This points to what might be "a fundamental irreconcilability in worldviews," which Marusic suggests was also the case when the world confronted Adolf Hitler's rise to power in Germany. The American president, Franklin D. Roosevelt, immediately recognized that Hitler would inevitably end up on a collision course with the liberal West. As FDR put it in 1933, Hitler would "challenge us," among other reasons, because his "black sorcery appealed to the worst in men," and this appeal could prove an enduring motivation to actions that are otherwise inexplicable.
Marusic's point isn't to draw a facile parallel between Putinism and Nazism. It's simply to suggest that sometimes starting principles and first commitments cannot be bridged through negotiation. If Putin really believes what he said about Russian and Ukrainian history on Monday, then it's possible and even highly likely that no amount of negotiation could lead to a resolution of the conflict that now seems to be hurtling toward all-out war.

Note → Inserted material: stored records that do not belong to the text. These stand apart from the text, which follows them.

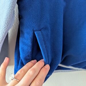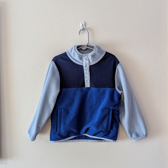 Different colors of blue with snaps at the collar and pockets in the front. No flaws, but some very minor pilling. Super cute and warm, and the quality you expect from this brand! Fits a 4T/5T
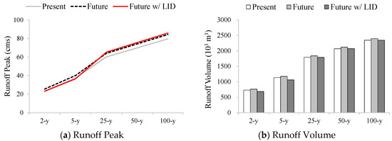 Figure 9. (a) Runoff peak and (b) runoff volume for different return periods under land-use scenarios of present, future, and future with LID.
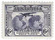 A stamp sheet and stamps, featuring the Australian aviators Kingsford Smith and Ulm, were released by Australia Post in 1978, commemorating the 50th anniversary of the flight.[32]
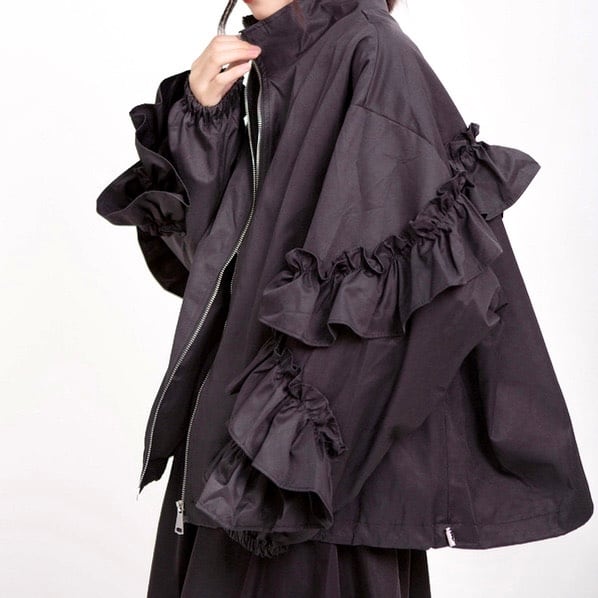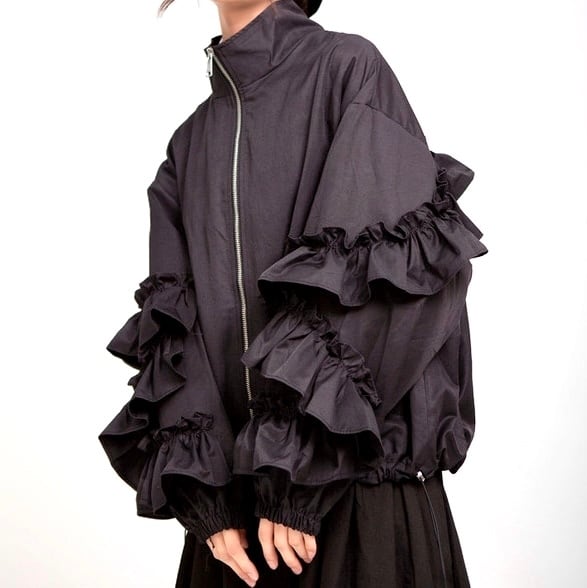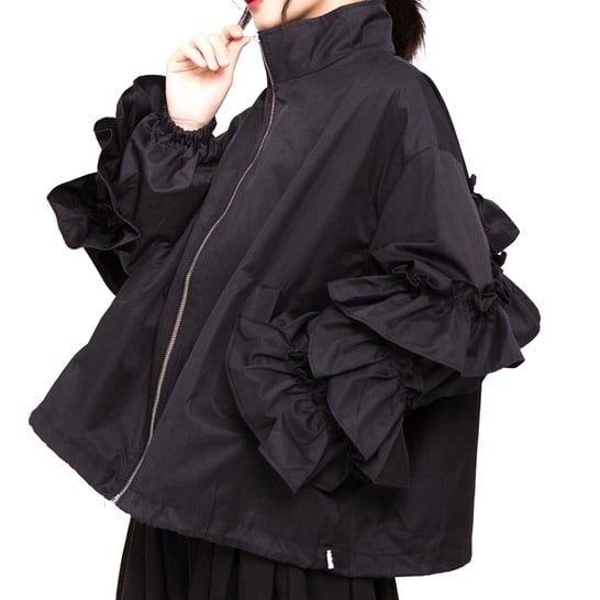 大ぶりルーズフィット フリルジャケット 長袖コート
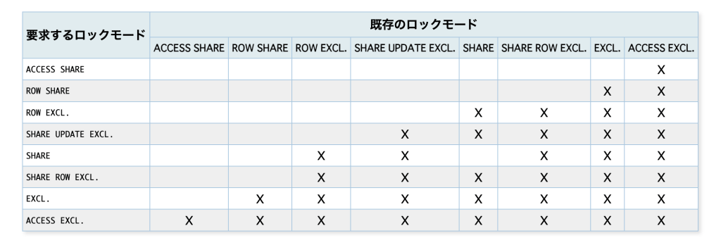 このロックはUPDATE/DELETE、INSERT、SELECTも競合しないロックレベルです。基本的にはユーザー操作に影響が出ないということです。ロックについては以下の表で見ると分かりやすくて、競合するロックが減っていることが分かります。
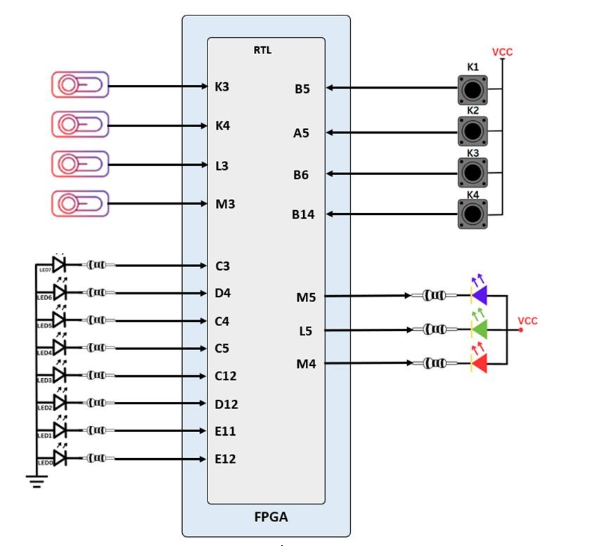 The MINI-S7 board includes sixteen slide switches, four push buttons, sixteen individual LEDs, and a four-digit seven-segment display, as shown in the below diagram. The pushbuttons and slide switches are connected to the FPGA via series resistors to prevent damage from inadvertent short circuits (a short circuit could occur if an FPGA pin assigned to a pushbutton or slide switch was inadvertently defined as an output). The four pushbuttons are “momentary” switches that normally generate a high output when they are at rest, and a low output only when they are pressed. Slide switches generate constant high or low inputs depending on their position.
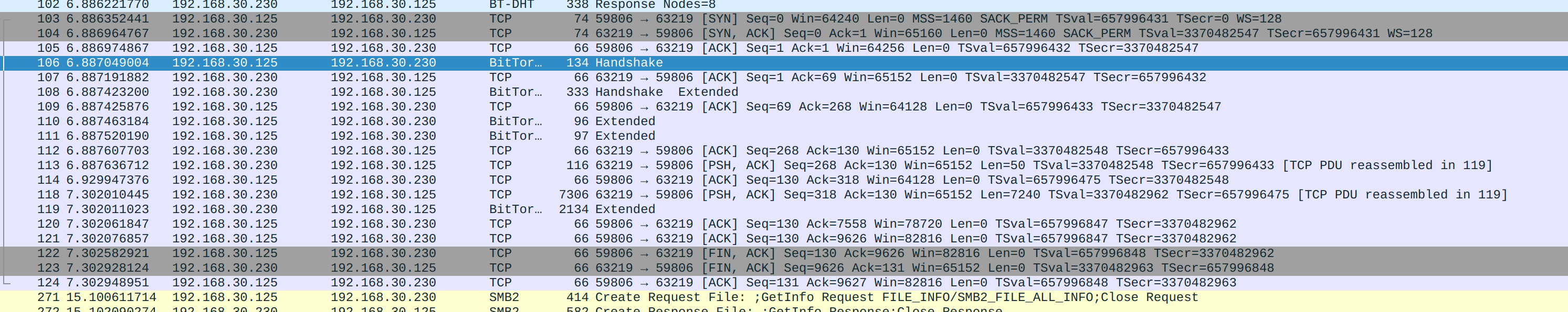 • 结果: 标准握手完成。双方确认了对方身份和意图(针对同一个 info_hash),并且都知晓对方支持扩展协议。
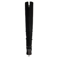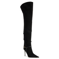 Product Details Above-the-knee-length suede boots with tapered toe, delicate pleating, patent strap, golden-finish buckle and leather-covered stiletto heel. - Upper: 95% goatskin suede, 5% lambskin - Lining: woven leather - Insole: goatskin - Sole: leather - Heel height: 105mm ORIGIN: ITALY COLOR: BLACK
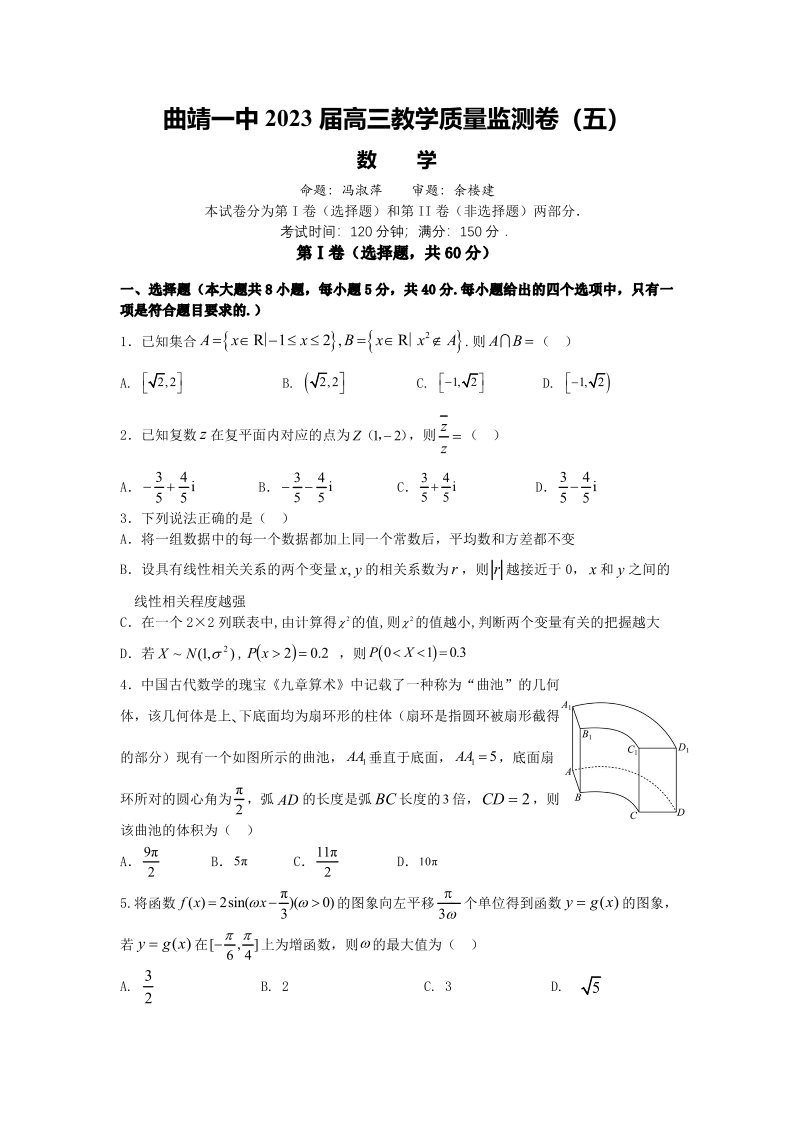 高三数学--云南省曲靖市第一中学2022-2023学年高三下学期教学质量监测试卷(五)
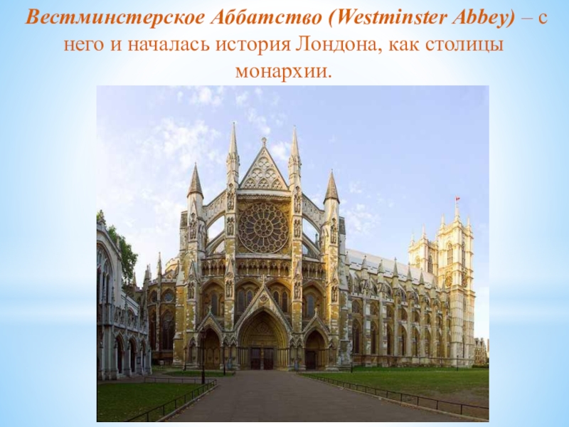 Слайд 9Вестминстерское Аббатство (Westminster Abbey) – с него и началась история Лондона,
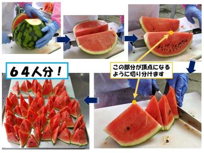 この切り方だと、いちばん甘い中心の部分がみんなに当たるように切り分けられます。1玉で64人分になります。

That may well be true, though I'd prefer it be used to temper hopes for diplomacy rather than to encourage the scuttling of such efforts altogether. You never know for sure the effort will fail until you try, and keep trying. And as my colleague Noah Millman has recently suggested, the very attempt to avoid conflict can enhance the perceived legitimacy of resorting to force down the road.
So by all means, let's keep talking to Putin. But let's not delude ourselves into thinking we'll be at all likely to bridge the chasm that divides us.